** Exercise requirements **
Range to copy from the entries below: the line containing "Infuse your everyday" through the line containing "杜邦(DUPONT) PSJ-706 6件套 星芒茶具套组 琥珀色(单位:套)", inclusive. Retype only those lines, exactly, without any images.
─── Given records
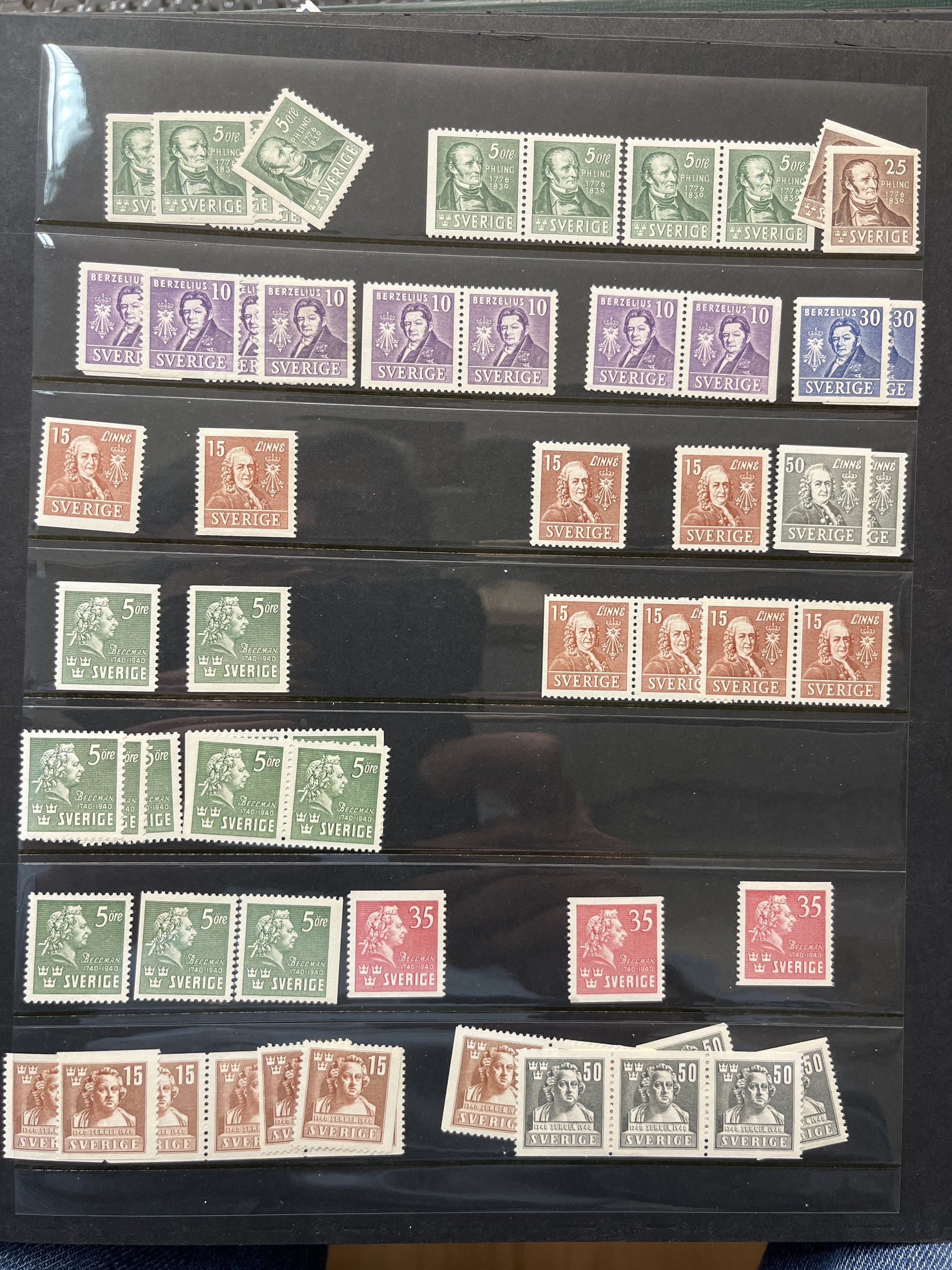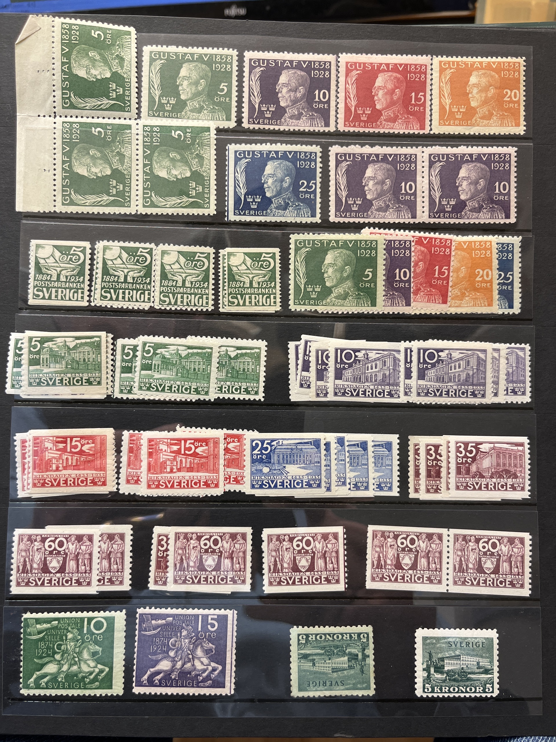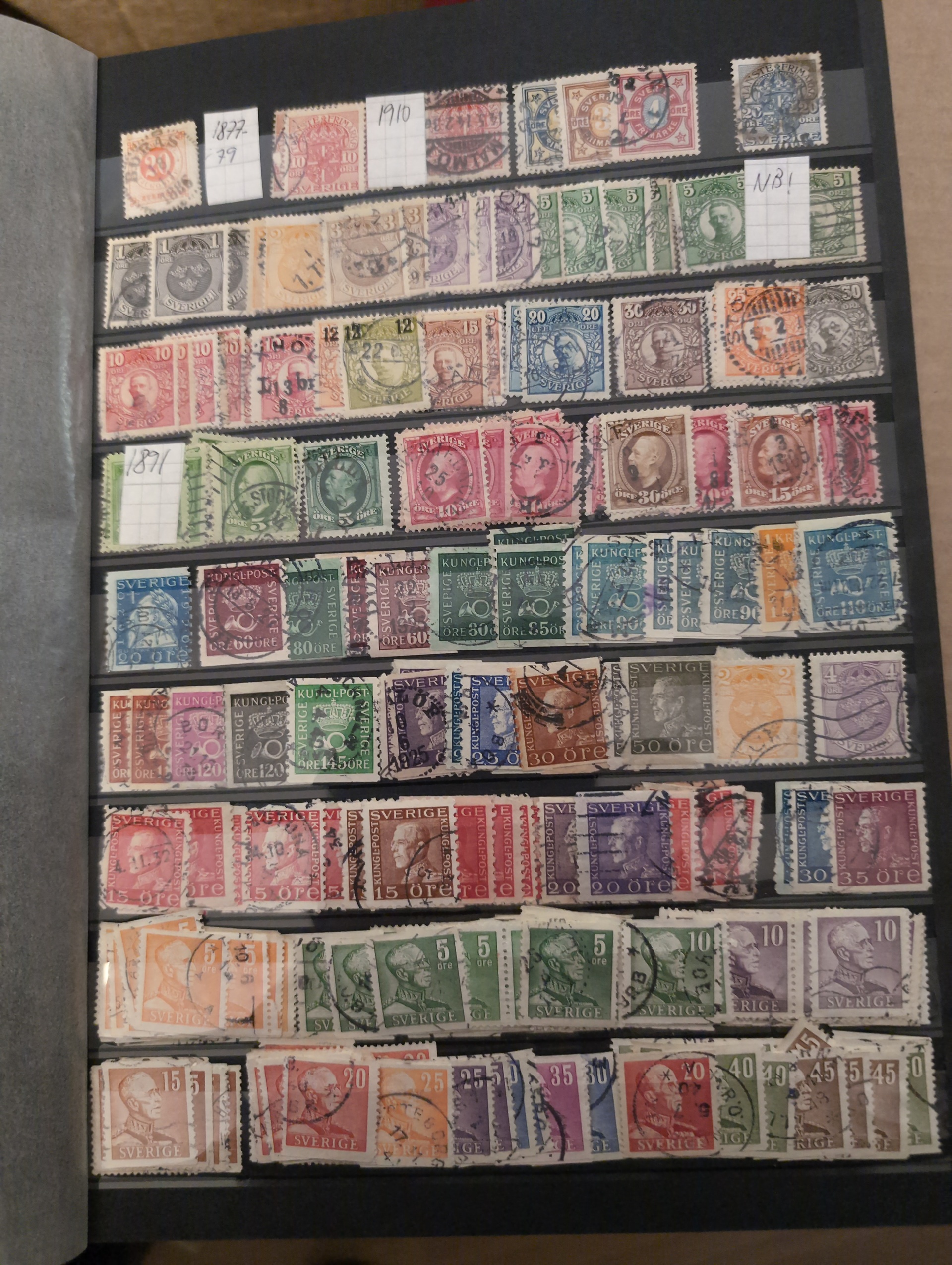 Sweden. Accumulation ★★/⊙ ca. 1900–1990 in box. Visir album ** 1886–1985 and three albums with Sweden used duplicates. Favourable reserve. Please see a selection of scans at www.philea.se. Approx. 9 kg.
──────
─── Given records
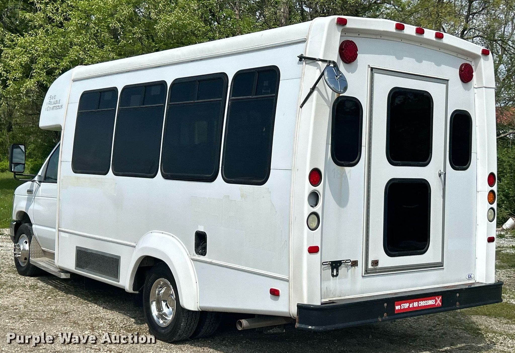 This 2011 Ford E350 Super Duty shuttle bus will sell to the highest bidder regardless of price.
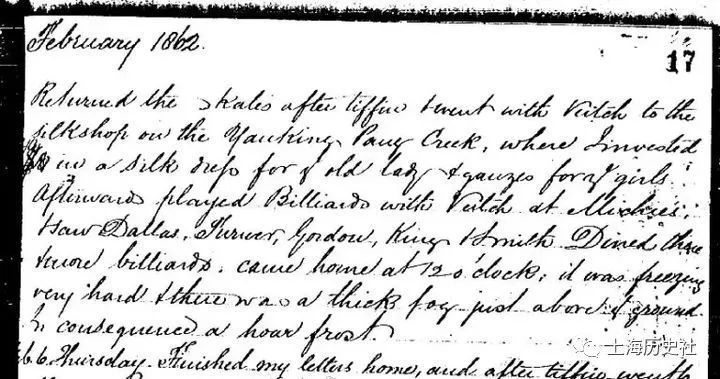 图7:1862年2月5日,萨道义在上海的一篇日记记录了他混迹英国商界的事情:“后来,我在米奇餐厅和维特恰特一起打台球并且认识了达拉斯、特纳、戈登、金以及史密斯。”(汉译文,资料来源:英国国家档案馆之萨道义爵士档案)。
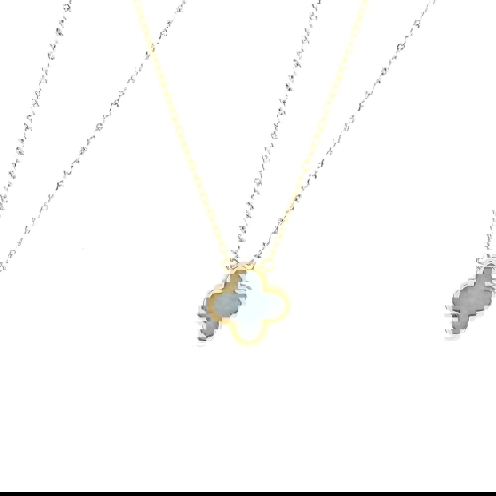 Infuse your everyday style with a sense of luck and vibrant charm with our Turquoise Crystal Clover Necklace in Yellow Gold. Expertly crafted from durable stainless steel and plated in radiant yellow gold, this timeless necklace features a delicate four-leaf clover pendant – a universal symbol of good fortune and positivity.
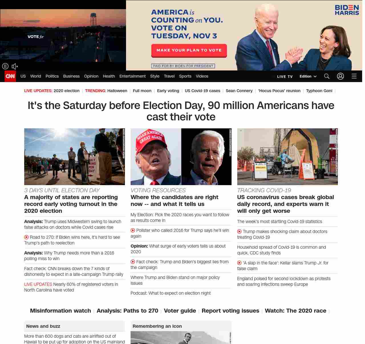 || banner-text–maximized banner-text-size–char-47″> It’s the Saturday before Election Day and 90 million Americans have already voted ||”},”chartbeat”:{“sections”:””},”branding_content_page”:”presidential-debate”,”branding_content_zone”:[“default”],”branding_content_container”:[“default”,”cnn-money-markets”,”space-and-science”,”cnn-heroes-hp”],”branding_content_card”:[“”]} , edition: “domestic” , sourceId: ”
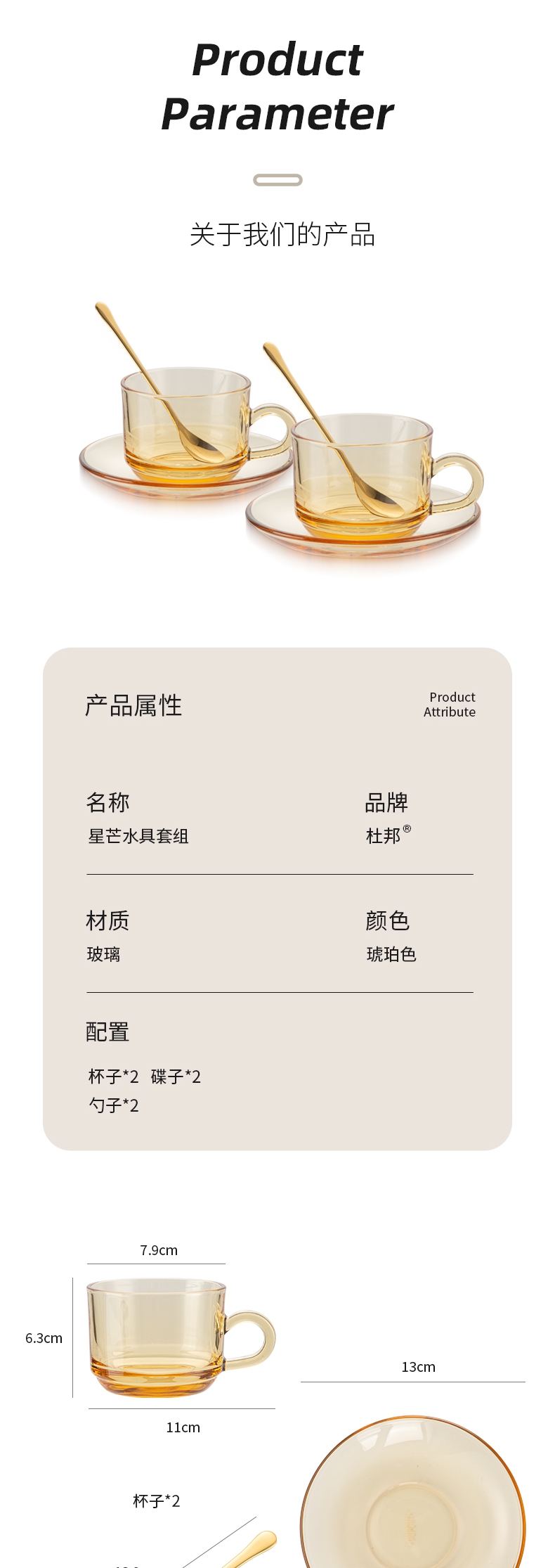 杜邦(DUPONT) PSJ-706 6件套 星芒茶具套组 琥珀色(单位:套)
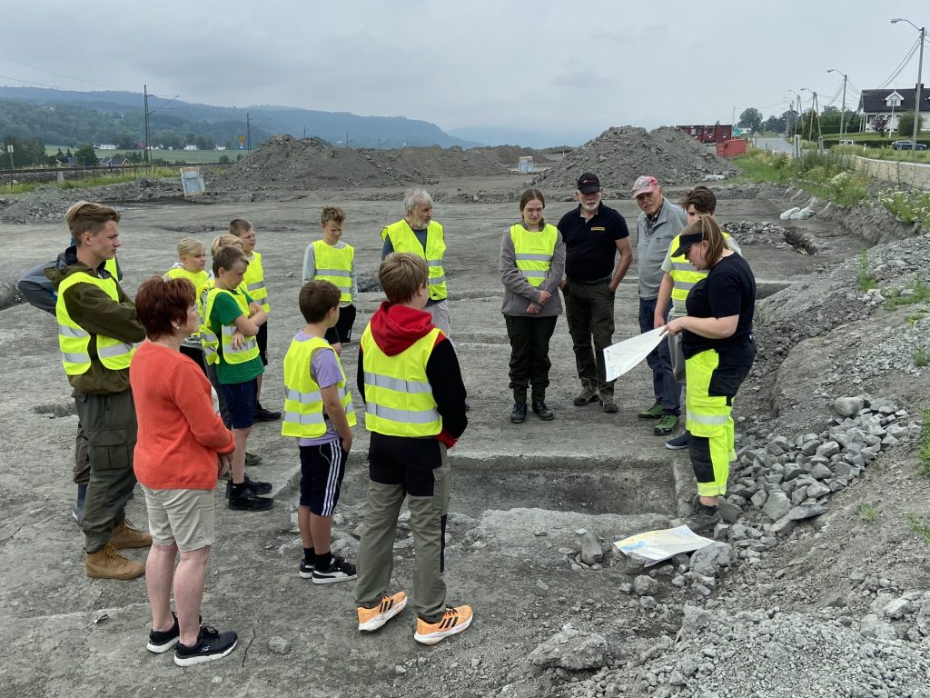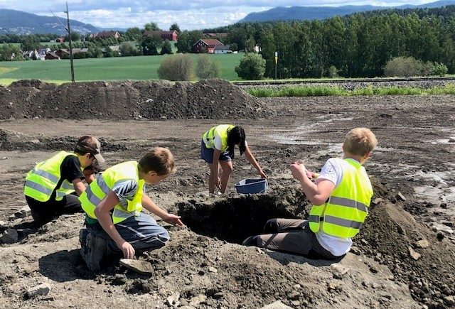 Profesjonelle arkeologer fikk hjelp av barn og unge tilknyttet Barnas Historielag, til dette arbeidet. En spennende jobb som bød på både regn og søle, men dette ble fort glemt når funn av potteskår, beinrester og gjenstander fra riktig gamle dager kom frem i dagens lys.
──────
** Task output **
 Infuse your everyday style with a sense of luck and vibrant charm with our Turquoise Crystal Clover Necklace in Yellow Gold. Expertly crafted from durable stainless steel and plated in radiant yellow gold, this timeless necklace features a delicate four-leaf clover pendant – a universal symbol of good fortune and positivity.
 || banner-text–maximized banner-text-size–char-47″> It’s the Saturday before Election Day and 90 million Americans have already voted ||”},”chartbeat”:{“sections”:””},”branding_content_page”:”presidential-debate”,”branding_content_zone”:[“default”],”branding_content_container”:[“default”,”cnn-money-markets”,”space-and-science”,”cnn-heroes-hp”],”branding_content_card”:[“”]} , edition: “domestic” , sourceId: ”
 杜邦(DUPONT) PSJ-706 6件套 星芒茶具套组 琥珀色(单位:套)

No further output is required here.